Beginning with the line that holds "Menú degustacji Cena- 130", write out each line exactly as it stands until the end of the data, and include no pictures.

═══ Recorded data

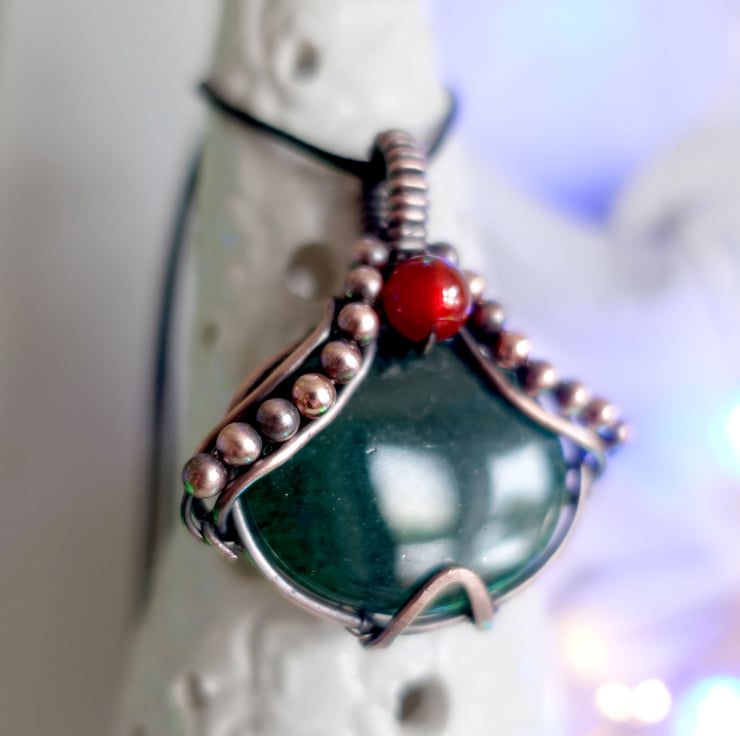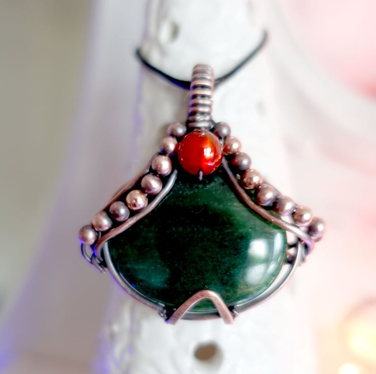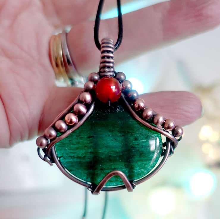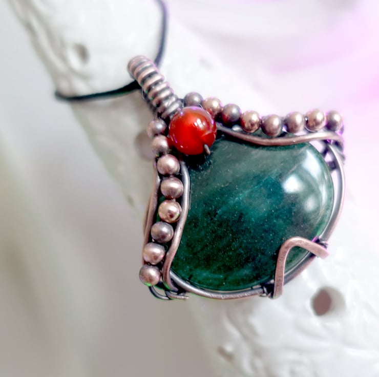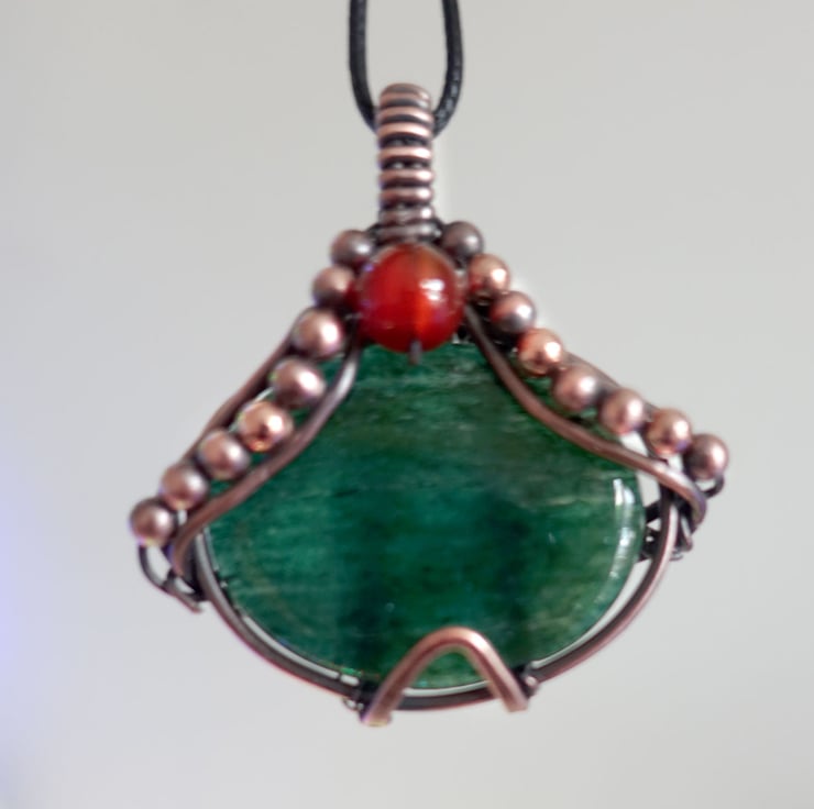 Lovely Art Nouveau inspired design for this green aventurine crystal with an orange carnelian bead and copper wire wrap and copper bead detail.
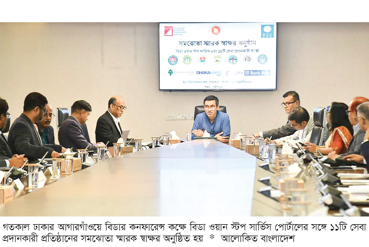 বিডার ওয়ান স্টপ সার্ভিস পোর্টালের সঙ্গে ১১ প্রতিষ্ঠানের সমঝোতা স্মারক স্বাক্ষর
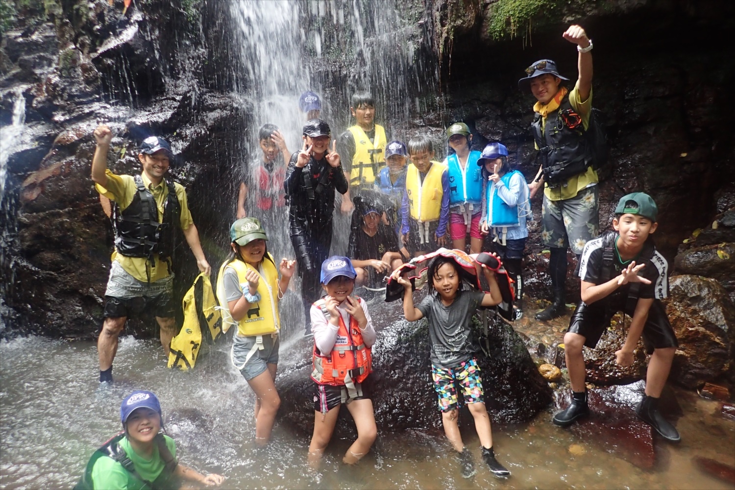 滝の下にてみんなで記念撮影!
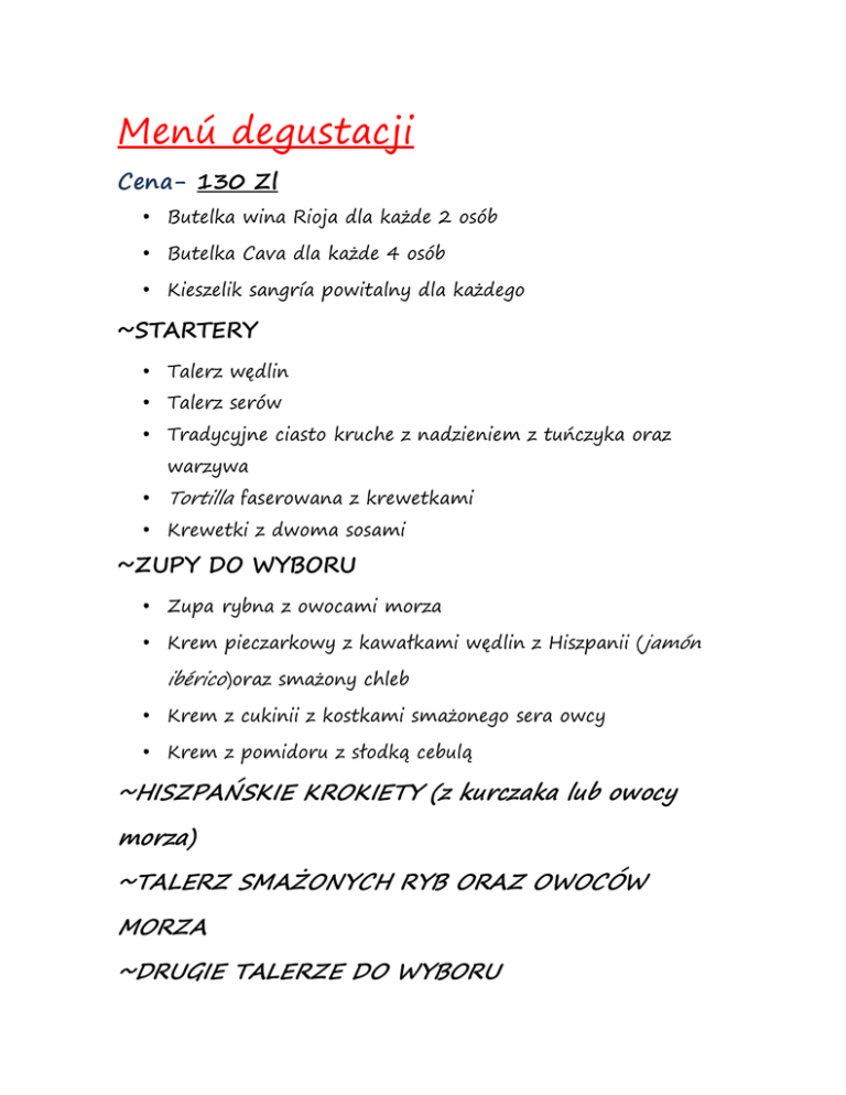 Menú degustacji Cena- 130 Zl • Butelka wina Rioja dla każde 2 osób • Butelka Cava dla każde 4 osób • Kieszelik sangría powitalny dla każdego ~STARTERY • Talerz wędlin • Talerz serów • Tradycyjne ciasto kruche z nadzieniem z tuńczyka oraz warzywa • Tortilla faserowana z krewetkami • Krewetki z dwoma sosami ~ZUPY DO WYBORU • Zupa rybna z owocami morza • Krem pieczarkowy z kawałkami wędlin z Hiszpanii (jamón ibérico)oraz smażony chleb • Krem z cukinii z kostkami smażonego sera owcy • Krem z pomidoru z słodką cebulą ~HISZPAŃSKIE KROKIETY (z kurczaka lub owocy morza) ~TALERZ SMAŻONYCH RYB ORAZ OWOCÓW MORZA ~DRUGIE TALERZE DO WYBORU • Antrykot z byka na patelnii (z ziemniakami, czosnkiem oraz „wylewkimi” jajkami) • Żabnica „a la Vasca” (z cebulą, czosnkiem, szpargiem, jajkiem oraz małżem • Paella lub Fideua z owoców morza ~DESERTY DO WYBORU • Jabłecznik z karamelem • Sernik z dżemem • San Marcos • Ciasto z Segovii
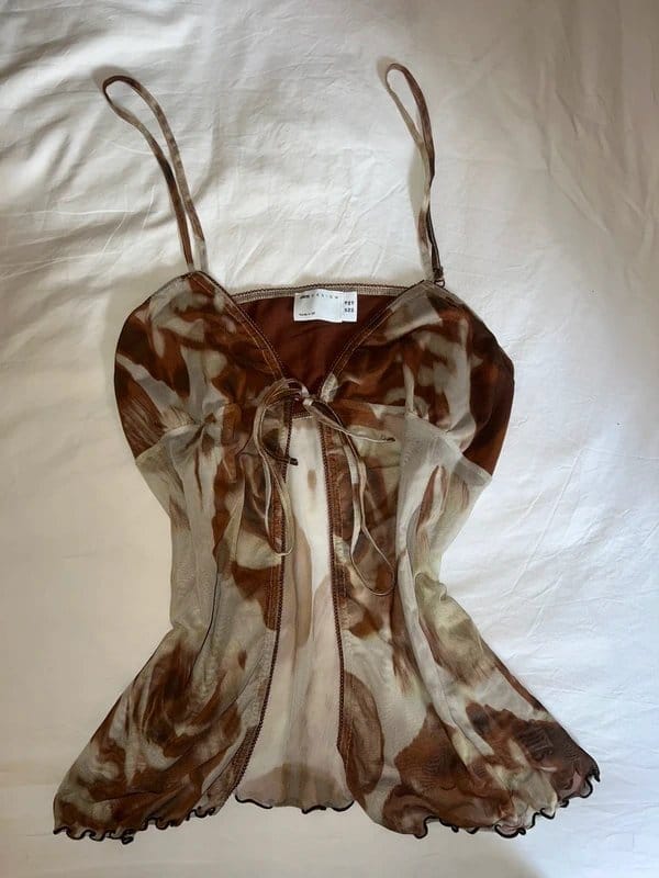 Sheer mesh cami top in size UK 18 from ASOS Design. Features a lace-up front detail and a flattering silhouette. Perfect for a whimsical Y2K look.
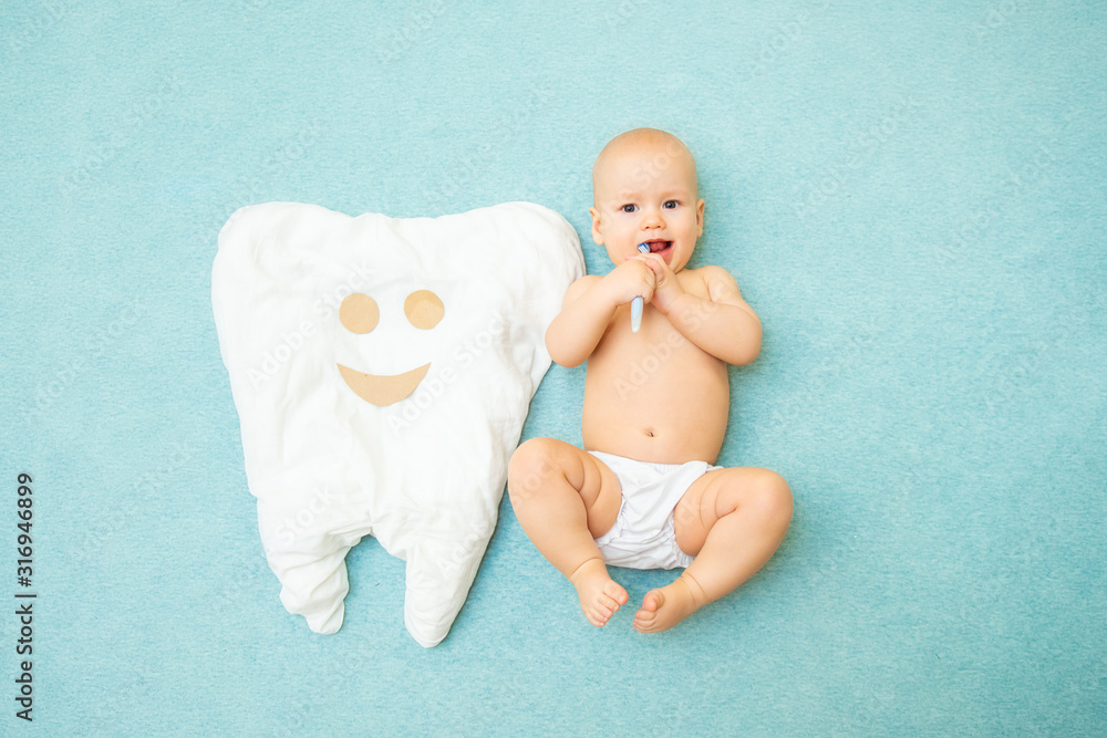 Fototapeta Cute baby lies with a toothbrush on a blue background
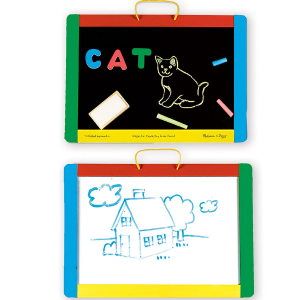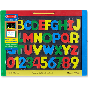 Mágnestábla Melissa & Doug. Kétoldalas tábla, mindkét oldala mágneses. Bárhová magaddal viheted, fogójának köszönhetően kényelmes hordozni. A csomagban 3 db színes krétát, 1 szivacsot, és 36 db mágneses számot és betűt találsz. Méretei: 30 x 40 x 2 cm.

══════

Answer section ::
 Menú degustacji Cena- 130 Zl • Butelka wina Rioja dla każde 2 osób • Butelka Cava dla każde 4 osób • Kieszelik sangría powitalny dla każdego ~STARTERY • Talerz wędlin • Talerz serów • Tradycyjne ciasto kruche z nadzieniem z tuńczyka oraz warzywa • Tortilla faserowana z krewetkami • Krewetki z dwoma sosami ~ZUPY DO WYBORU • Zupa rybna z owocami morza • Krem pieczarkowy z kawałkami wędlin z Hiszpanii (jamón ibérico)oraz smażony chleb • Krem z cukinii z kostkami smażonego sera owcy • Krem z pomidoru z słodką cebulą ~HISZPAŃSKIE KROKIETY (z kurczaka lub owocy morza) ~TALERZ SMAŻONYCH RYB ORAZ OWOCÓW MORZA ~DRUGIE TALERZE DO WYBORU • Antrykot z byka na patelnii (z ziemniakami, czosnkiem oraz „wylewkimi” jajkami) • Żabnica „a la Vasca” (z cebulą, czosnkiem, szpargiem, jajkiem oraz małżem • Paella lub Fideua z owoców morza ~DESERTY DO WYBORU • Jabłecznik z karamelem • Sernik z dżemem • San Marcos • Ciasto z Segovii
 Sheer mesh cami top in size UK 18 from ASOS Design. Features a lace-up front detail and a flattering silhouette. Perfect for a whimsical Y2K look.
 Fototapeta Cute baby lies with a toothbrush on a blue background
 Mágnestábla Melissa & Doug. Kétoldalas tábla, mindkét oldala mágneses. Bárhová magaddal viheted, fogójának köszönhetően kényelmes hordozni. A csomagban 3 db színes krétát, 1 szivacsot, és 36 db mágneses számot és betűt találsz. Méretei: 30 x 40 x 2 cm.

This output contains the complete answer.